Despite Pyschocandy's flawless sound, Gillespie's style of drumming was minimal, with his drum kit consisting only of a snare and a floor tom, which he played standing up. This may have been good showmanship, but Gillespie later admitted that it was due to a lack of his own ability.
One year before the release of Darklands, Gillespie left to focus on Primal Scream. This allowed the Reid brothers to replace his drums with a drum machine, elevating their sound to not just simple reverb, but to incredibly complex and successful dystop-pop.
The band split from Alan McGee
The legendary Alan McGee signed The Jesus and Mary Chain to the mighty Creation Records at a soundcheck in 1984 in a one-off deal. Under his management, the band became an unstoppable force. Due to the nature of the deal, the two split not long after in 1986.

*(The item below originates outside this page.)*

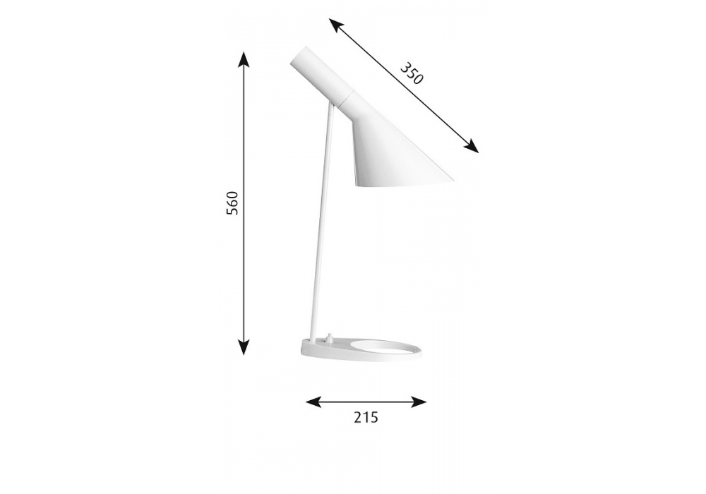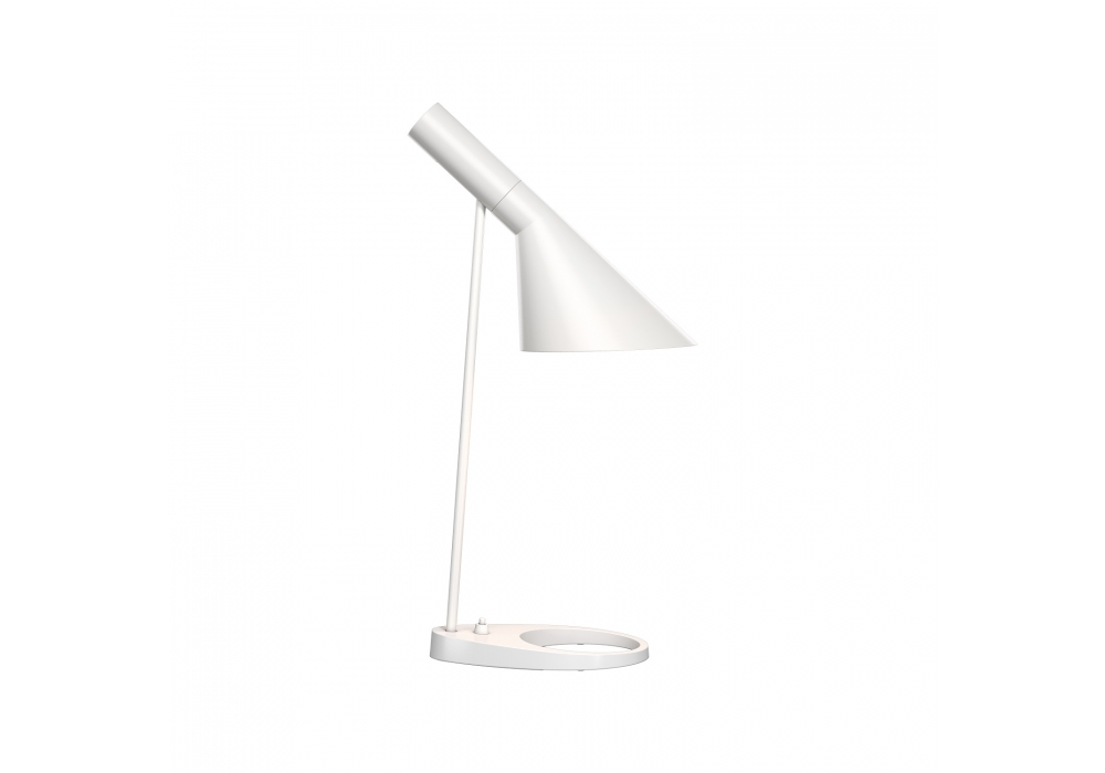 AJ firmata da Arne Jacobsen per Louis Poulsen è una lampada da tavolo con base in zinco o acciaio inox e sostegno in acciaio inox verniciato. Il diffusore è in acciaio inox e scherma una sorgente luminosa con innesto E27 di tipo LED o alogeno. AJ è disponibile in differenti finiture.

McGee has since distanced himself from love of the band, and whilst there is no definitive answer as to why McGee so easily swept aside JAMC, the band later signed to Blanco y Negro - a branch of Warner Music. This allowed them full creative freedom to experiment with their sound.
This benefitted both parties – McGee went on to worldwide success with Oasis and Primal Scream, whilst JAMC had a shot at the big-time with a world-renowned record company. Whilst Darklands had huge critical success, Jim Reid admitted in a Guardian interview that at Blanco y Negro “…nobody cared about us.”
Almost 30 years on from signing them for Creation, Alan McGee took over as the band’s manager once more.
They left violent and compact sets behind
Their shows performing Pyschocandy had become notorious for high belligerence and violence with low musical competence. Most notably, a 1984 show at Camden's Electric Ballroom where the band turned up an hour late and played a mere 15-minute set before disappearing off stage drunk.
With Darklands, other than being kicked off CBS in 1987 for refusing to change their name to ‘The J. and M. Chain’ (to satisfy an American audience), it seemed the band had turned a new leaf, and were able to play competently through their live sets.
"There’s always a fight going on in the Reid brothers’ world, but this time it’s not with the audience" wrote Sputnik Magazine. The band were still drinking and taking drugs heavily, but gone were the days of punch-ups and public enemy status. With Darklands, the boys from the faceless East Kilbride had made it for good.
They had tasted chart success
Whilst Pyschocandy had established The Jesus and Mary Chain as a cult phenomenon, the reception of Darklands had landed the band with an entirely new fanbase and a whopping 5th place position in the UK album chart.
It is the highest-peaking album the band have produced to date, and had a special mention in the esteemed '1001 Albums You Must Hear Before You Die' book. The chart success had also allowed them to establish larger audiences in Europe and The US – landing them future slots on MTV, Coachella and Lollapalooza.
Their ability to do this whilst retaining their hardcore fanbase is something that most fail to replicate.
The mentality changed
Riding on the back of an extremely successful debut album, the band already had the formula for success, one they could’ve easily replicated. But, being the antagonists to themselves, their record company and the world, The Reid brothers were set on gambling it all away for something new.
"It seemed to us that we’d done Pyschocandy and everybody wanted us to do Pyschocandy II and we reacted against that. A lot of people said you’ll never follow it up,’ Jim said in 2008.
Having gathered the expectations of the public and the press, the Reid brothers went to the studio and made Darklands, which defied any hope of a PyschocandyII. The press sung its praises, failing to acknowledge the unjust pressure they had inflicted on the band. But the band were gifted enough musicians to take such a high-stakes risk and have it pay off.